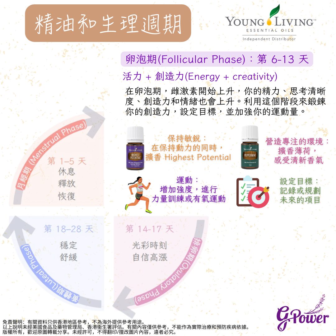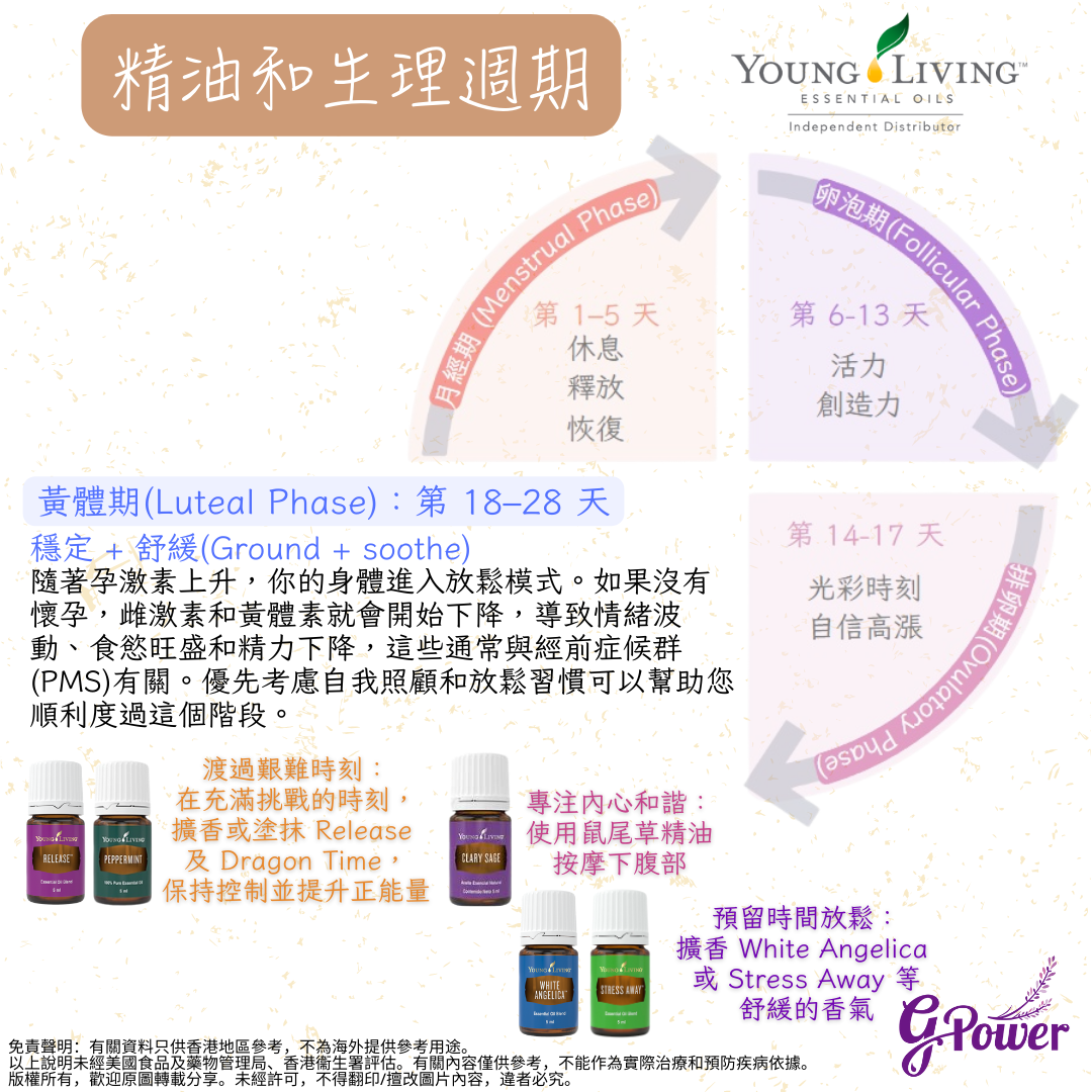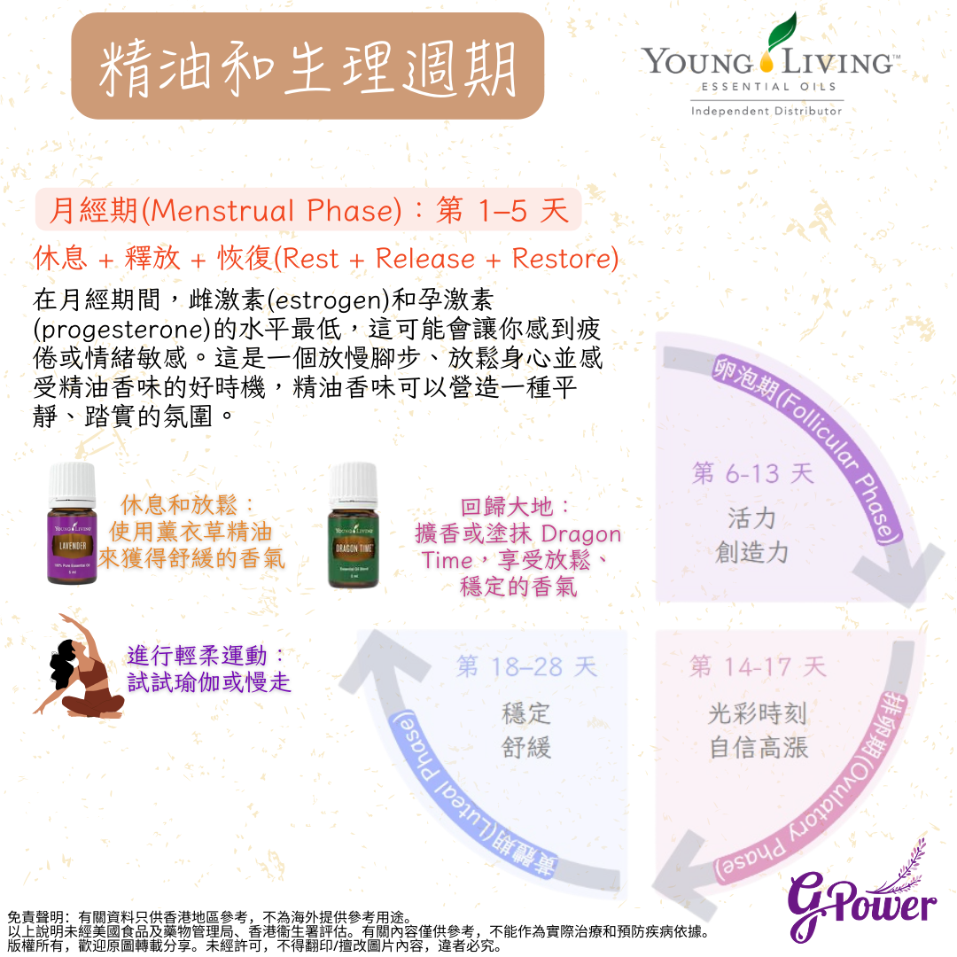 在月經期間,雌激素(estrogen)和孕激素(progesterone)的水平最低,這可能會讓你感到疲倦或情緒敏感。這是一個放慢腳步、放鬆身心並感受精油香味的好時機,精油香味可以營造一種平靜、踏實的氛圍。
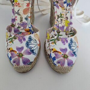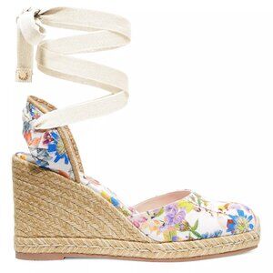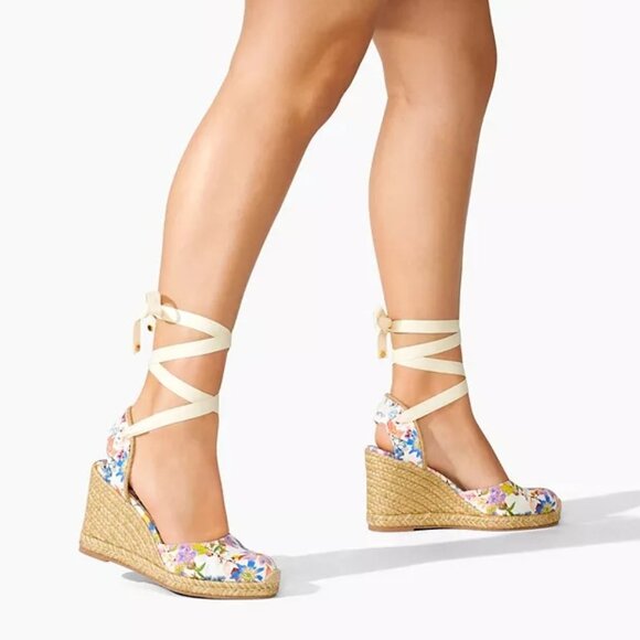 Beautiful espadrille wedge in floral printed twill with wraparound ankle ribbons and signature SW accents. An easy, classic summer style.
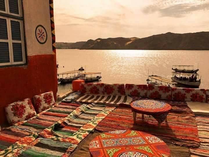 Paraíso de 02 habitaciones con terraza con vista completa al lago, a pocos minutos a pie de los templos de Abu Simble y del centro de la ciudad, 02 baños, totalmente climatizado, TV, WIFI, circuito cerrado de televisión, cocina equipada, limpio, acogedor, perfecto para que se hospede toda una familia
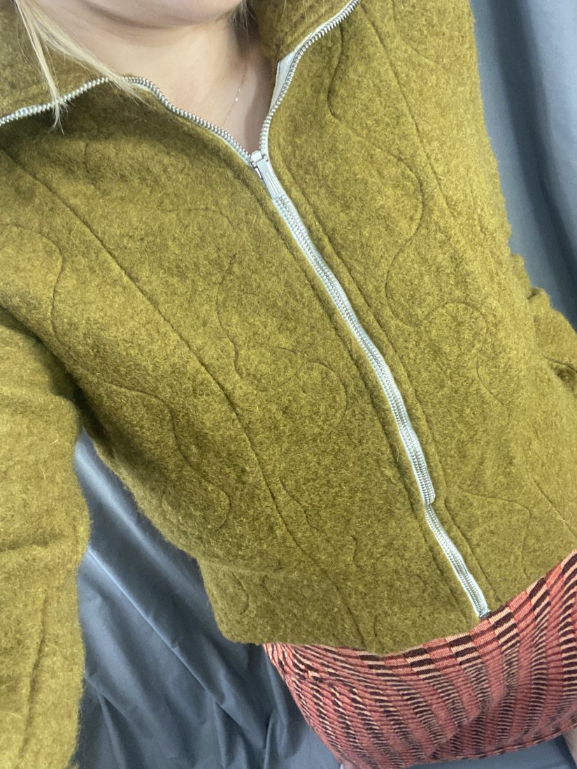 Żakiet z parzonej wełny. Zapinany na zamek.
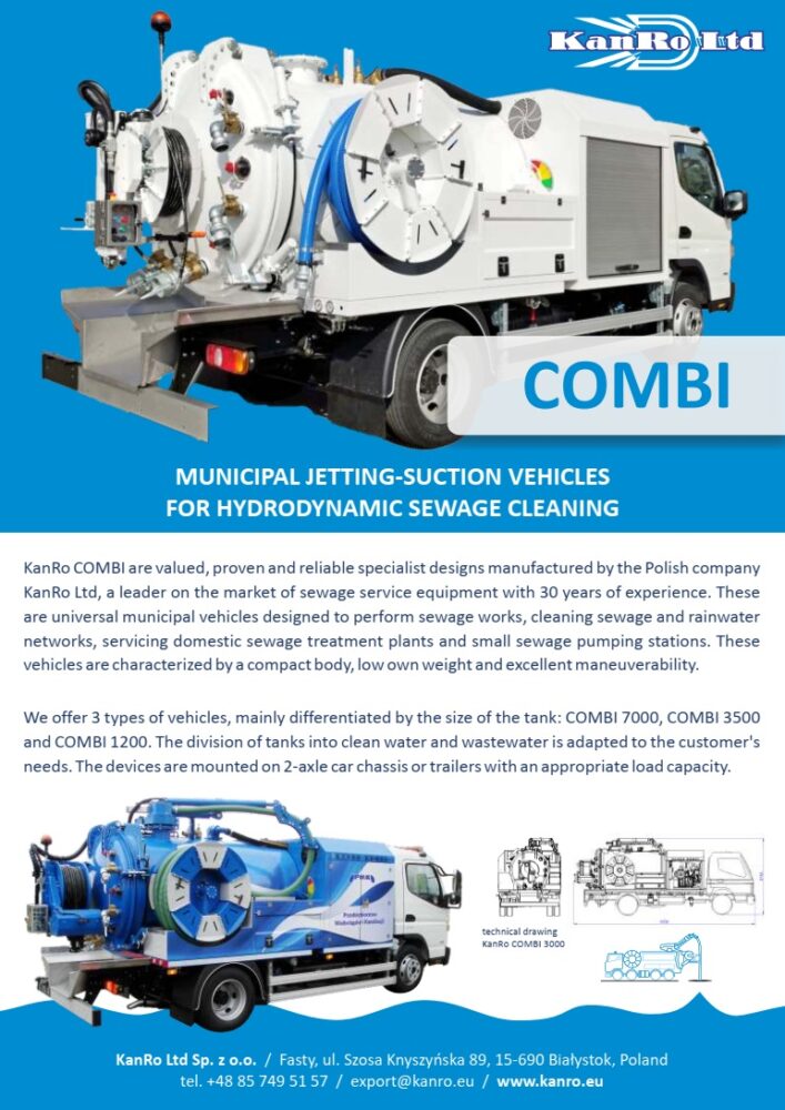 Le véhicule de nettoyage des égouts KanRo COMBI 3500 est une construction bien connue depuis de nombreuses années, produite et proposée en Pologne par KanRo Ltd®. Ces unités combinées Jetting/Vacuum utilisent un jet d’eau à haute pression combiné à une source d’aspiration à haut débit pour nettoyer les canalisations et les égouts, puis aspirer les matériaux, ce qui permet de maintenir un flux normal dans les égouts. Le fonctionnement du véhicule a été conçu pour une manipulation simple. Il se caractérise par une construction compacte, un faible poids propre et une excellente maniabilité. Conforme à toutes les réglementations routières, y compris celles concernant la charge utile maximale, le poids total et les charges maximales par essieu.
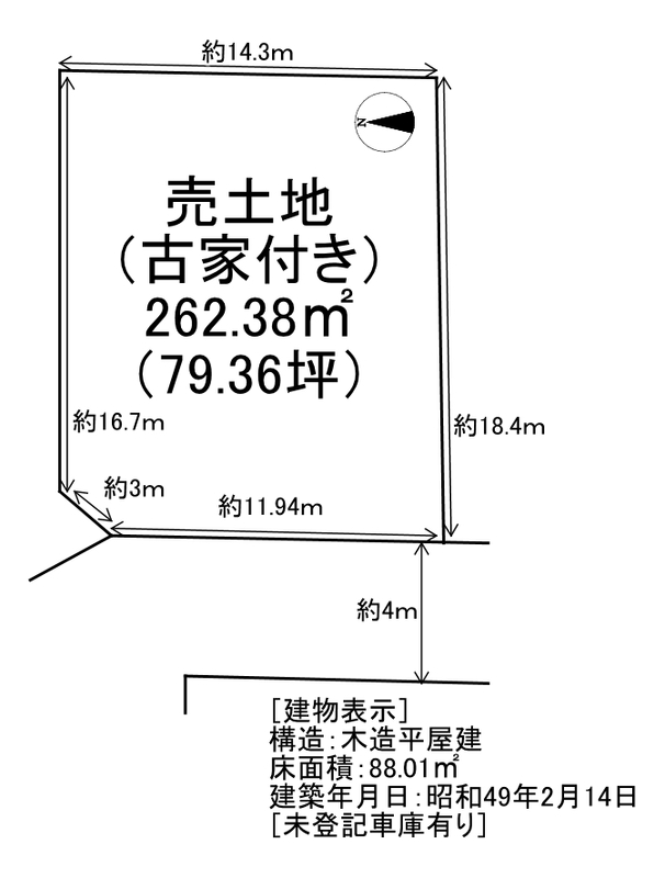 | 種別 | 売り土地 売地 (現況:上物有) | ||
+ + + + +
Take the line containing "Le véhicule de" as the first line and the last line of the data above as the final one, and output exactly the lines between them, inclusive, with no pictures.

 Le véhicule de nettoyage des égouts KanRo COMBI 3500 est une construction bien connue depuis de nombreuses années, produite et proposée en Pologne par KanRo Ltd®. Ces unités combinées Jetting/Vacuum utilisent un jet d’eau à haute pression combiné à une source d’aspiration à haut débit pour nettoyer les canalisations et les égouts, puis aspirer les matériaux, ce qui permet de maintenir un flux normal dans les égouts. Le fonctionnement du véhicule a été conçu pour une manipulation simple. Il se caractérise par une construction compacte, un faible poids propre et une excellente maniabilité. Conforme à toutes les réglementations routières, y compris celles concernant la charge utile maximale, le poids total et les charges maximales par essieu.
 | 種別 | 売り土地 売地 (現況:上物有) | ||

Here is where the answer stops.